What initially drew our attention to the city was its purposeful role as a welcoming point for immigrants and refugees. If people from the area were moving away, why not attract those who historically and actuarially have a higher-than-average rate of entrepreneurship and business formation? Today the weekly Erie Reader published a magnificent feature: a large-format photo display of refugees who have made Erie their home.

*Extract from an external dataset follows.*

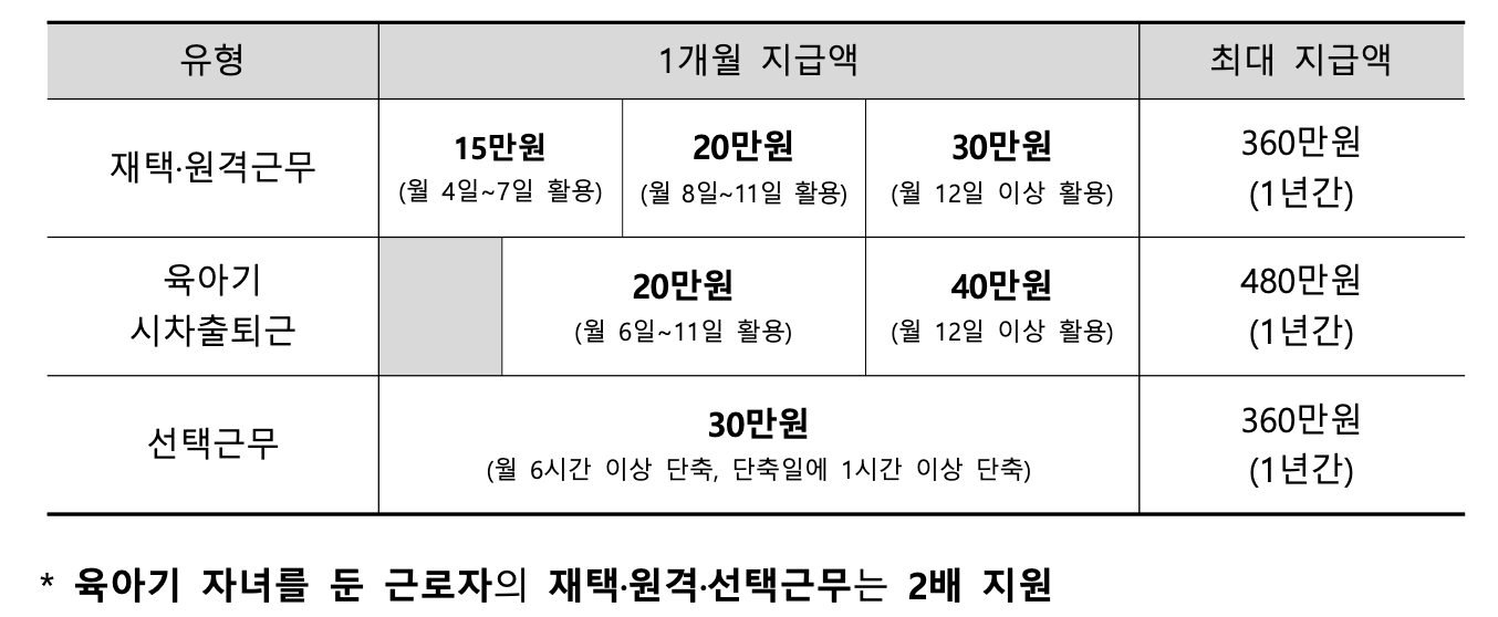- 재택·원격근무: 월 4일~7일 활용 시 10만 원, 8일~11일 20만 원, 12일 이상 30만 원

I’ll let you go to the feature, on “Rust Belt New Americans:  A Showcase of Erie’s Refugee Population,” to see the several dozen portraits, by Iraqi-American photographer Maitham Basha-Agha (with accompanying narration). I’ll say that this conveys part of what we saw in Erie—and Sioux Falls and Burlington and Fresno and other places with significant refugee populations—and is so much at odds with the fearful national policies of the moment.

Here’s one portrait, of Afrim Latifi, originally of Kosovo, now an insurance agent and soccer coach:

Afrim Latifi, originally from Kosovo, now of Erie. (Maitham Basha-Agha, for Erie Reader)

Another of our friends in Erie who is featured in the story—Ferki Ferati, now executive director of the civically important Jefferson Educational Society in Erie—also arrived as a young refugee from Kosovo.

And here are two Muslim sisters now in Erie schools:

Sisters Maryan, age 15 (left), and Kaltuma, age 17, in Erie schools. (Maitham Basha-Agha, for Erie Reader)

While I’m at it, here is a story from GoErie.com, with videos of people coming out on a frigid-cold Lake Erie day to rally in support of their refugees and immigrants, and against the new ban.

The psephologists and other polling experts have confirmed it: the areas with the greatest anti-refugee or -immigrant fear and fury are the ones with the least first-hand exposure to newcomers. Congratulations and respect to our friends in Erie for the spirit they are showing.